Поздние вечера (Гладков) - страница 163

В чем же коренное отличие этих шедевров исторического жанра от других сочинений второго и даже первого «сорта»? Да как раз в этой высокой проблемности, делающей их непреходящими и высоко современными, возвышающимися над самыми красочными и пестрыми историческими иллюстрациями. Пушкину было важно, «совместны» ли «гений и злодейство», а не детективная, так сказать, сторона совершенного преступления или яркие подробности исторической стилизации. Как это просто! Сальери всыпал яд в стакан с вином. Моцарт выпил. Никаких ухищрений! Это могло быть написано так лапидарно потому, что бесконечно сложна психология и философия этого поступка, его мотивировки, зревшие в завистнике всю жизнь. Осложняющий и возвышающий низменный поступок момент — огромная, искренняя любовь к искусству. Пушкинский Сальери действует, как исторический Сальери, но он, несомненно, выше и значительнее его, потому что, как это ни кощунственно, в нем тоже частичка гения, но не моцартианского, а пушкинского, как и в Хлестакове — гоголевского. А там, где нет высоты проблемы, где нет психологии и философии, где нет поражающих сближений с чем-то далеко отстоящим в разряде времени, там, естественно, приходится отыгрываться на перипетиях происшествий и красках жанровой исторической живописи. И это уже не «Смерть Вазир-Мухтара», про героя которого Горький написал в письме Тынянову: «Должно быть, он таков и был. А если и не был — теперь будет», — а «Три цвета времени» — впрочем, далеко не худший роман этого типа.

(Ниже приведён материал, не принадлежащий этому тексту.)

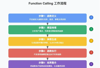 由OpenAI推动的Function Calling技术使LLM能通过自然语言调用外部API,以获取实时数据(如天气、股价等)。其流程包括:

Есть еще романы-маскарады. Умный и ловкий, обычно скептически настроенный по отношению к истории писатель переодевает невыразительную и запутанную современность в костюмы Рима эпохи цезарей или французской революции. Делается это с разными целями, но чаще всего, чтобы свободнее отозваться на текущую злобу дня. Он выделяет прямыми или контрастными историческими ассоциациями то, что его волнует, и с помощью авторских подмигиваний и покашливаний ведет нас по лабиринту своей темы. Если это сделано остроумно и талантливо, то такие произведения всегда имеют некоторый успех, хотя обычно недолгий и легко забываемый… К сожалению, на поверку оказывается, что в них нет ни истории, ни современности. У нас эта традиция простовато и неуклюже выразилась в серии романов и пьес из эпохи Ивана Грозного, написанных с вполне очевидными целями. Но этот особый жанр, могущий стать изящным или забавным, когда он кокетливо-философичен и скептически двусмыслен, пускай и без особой глубины, будучи замешен на ложном пафосе и слащавой риторике, кажется слишком уж наивным и заставляет вспоминать не столько Шиллера и Вольтера, сколько традиции Полевого и Кукольника. Но это боковой путь исторического жанра, и вряд ли он получит большое развитие в нашей литературе.